Vanna In’s family came to the United States seeking refuge when he was just 3 years old, fleeing Cambodia and war-torn Vietnam in the 1970s. But the family didn’t find the refuge they sought.

By the time he was 15, In was a young man filled with rage, picking fights and looking for trouble. At home, he said, his mother beat him with a broom stick. At school, he was told to go back to his country.

But as part of a gang, he was among family. He joined because that’s what he was looking for. He started out stealing from people, then robbing people and fighting people. And then one night, In took a man’s life. It was November 1993, and In, then 17,  shot and killed a rival gang member after a party, a crime for which he would serve six years behind bars.

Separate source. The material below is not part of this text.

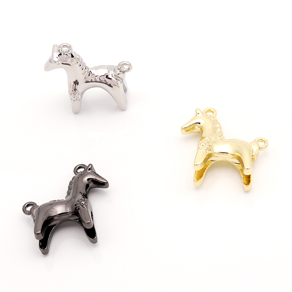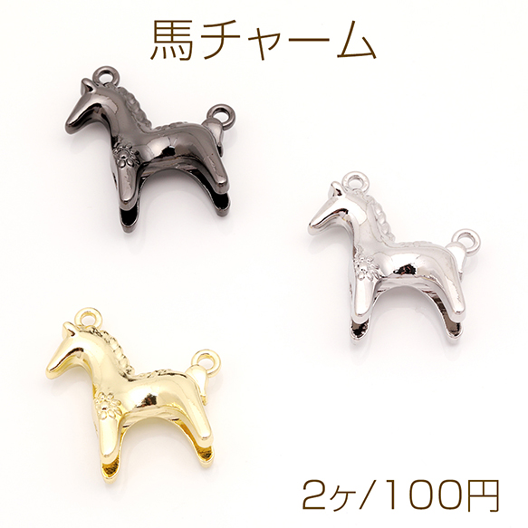 馬チャーム ウマ ポニー 太陽の模様付き 動物 アニマル 生き物 立体 メタルチャーム 約21×22mm(2ヶ)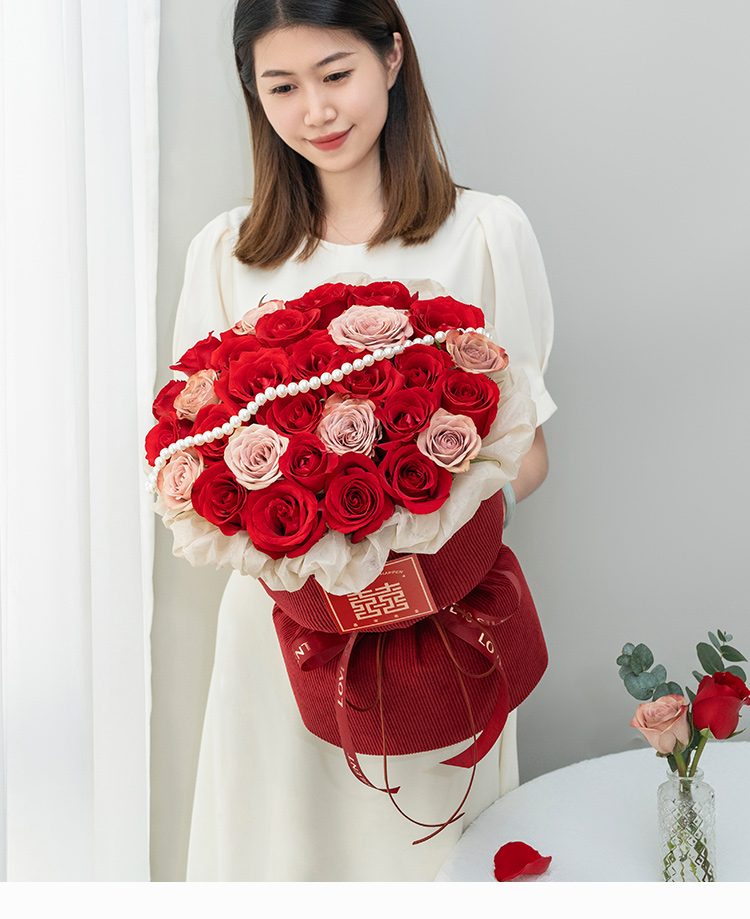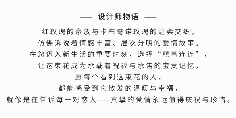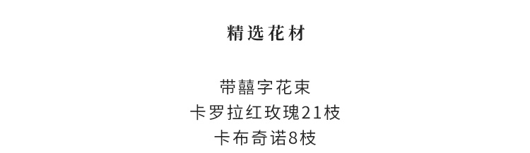 [喜庆连连,订婚结婚首选] 卡罗拉红玫瑰21枝 卡布奇诺8枝,带囍字挂牌一个(囍字挂牌样式因城市不同,可能略有差异)

He was then ordered to be deported in 2001, stripped of his green card.

“I don’t think I knew what true remorse was at first,” In told The Washington Post. “Maybe I was more sorry I got caught. But in March 1994, I gave my life to God. That’s when I learned to be truly sorry for what I did.”

Now a youth pastor at North Fresno Mennonite Brethren Church, In said he has spent the past 17 years trying to honor the life of the man he killed by helping dozens of gang members get off the streets and find jobs and stability — efforts that grabbed the attention of Democratic California Gov. Jerry Brown this month.

On Friday, Brown pardoned In for the 1993 murder, indicating he hoped it would allow In to avoid deportation back to Cambodia, a country in which he has never set foot. The deportation order has not been executed since it was entered in 2001, In said, because Cambodia was not accepting deportees at that time. Instead, In said, he has been living under an order of supervision, checking in with U.S. Immigration and Customs Enforcement on a regular basis, fearing the supervision order could be revoked at any time.

“While the seriousness of the crime can never be minimized,” Brown wrote in the pardon, “I believe that Mr. In should be permitted to have the chance at remaining in a community to which he has devoted a life of service.”

In was among 36 people Brown pardoned Friday, including two other Cambodian refugees also at risk of deportation. The pardons don’t automatically throw out deportation orders, but allow attorneys to petition an immigration judge to reopen their cases and potentially decide to halt the removals, as the Asian Americans Advancing Justice – Asian Law Caucus explained. Sometimes it works. Sometimes it doesn’t.

Such pardons for immigrants with criminal records have emerged as one tool of resistance to the Trump administration’s deportation efforts in states, like California and New York, that are generally viewed as having hostile relationships with ICE. In July, New York Gov. Andrew M. Cuomo granted clemency to seven immigrants facing deportation with minor convictions on their records, most related to drugs. In March, Brown provoked outrage from President Trump when he pardoned five ex-offenders facing deportation whom Brown believed were rehabilitated. Among them were men convicted of kidnapping and robbery, domestic abuse and vehicle theft.

“Is this really what the great people of California want?” Trump tweeted.

With In’s case, hundreds of people wrote to Brown to support his pardon, the governor said, including members of In’s church and young men he helped escape gang life since his release from prison.

Before returning to Fresno to become a “beloved pastor,” as Brown put it, In worked as a counselor for Hope Now for Youth, where he estimates he helped 125 young people complete a job training program and find steady work following his release from prison. He then moved to Greeley, Colo., to co-found Jobs for Hope, where he roamed the city to build relationships with gang members, helping to persuade them to turn their lives around. In estimates he helped 80 young men here.

“I wanted to keep the word ‘hope’ in there, because that’s what people in my situation needed,” In said.

In knew what to look for, because the young people he encountered reminded him of himself: teenagers from poverty and abusive families. In was born in South Vietnam, the youngest of six just after his family fled Cambodia, where his father was a soldier who supported the Americans in the Vietnam War. They took a boat to Thailand and stayed at a refugee camp until finding their way as refugees to the United States. Growing up in Houston, In said he lived in the projects and suffered verbal and physical abuse at home. He said all this is “not an excuse” for committing violence on the streets — but nevertheless contributed to it.

His family later moved to Fresno in the late 1980s. He joined a gang after his older brother was sent to prison — the same gang his brother had been a part of, In said.

“It took years and years of reconciliation,” In said of the murder. “There’s reconciling, and there’s mourning, and then there’s acceptance of responsibility.”

In is grateful to Brown for the second chance, but said he knows from reading the reactions to the news of his pardon that not everyone believes he should get one. Many, he said, want him to go back to Cambodia.

“Some people want to continue to just label me as a murderer. I get it, but it’s hard,” In said. “I know that no matter how good I become or how far away I get, people will still see me a certain way. I’ve come to accept it. I’ve come to accept that’s the way it is.”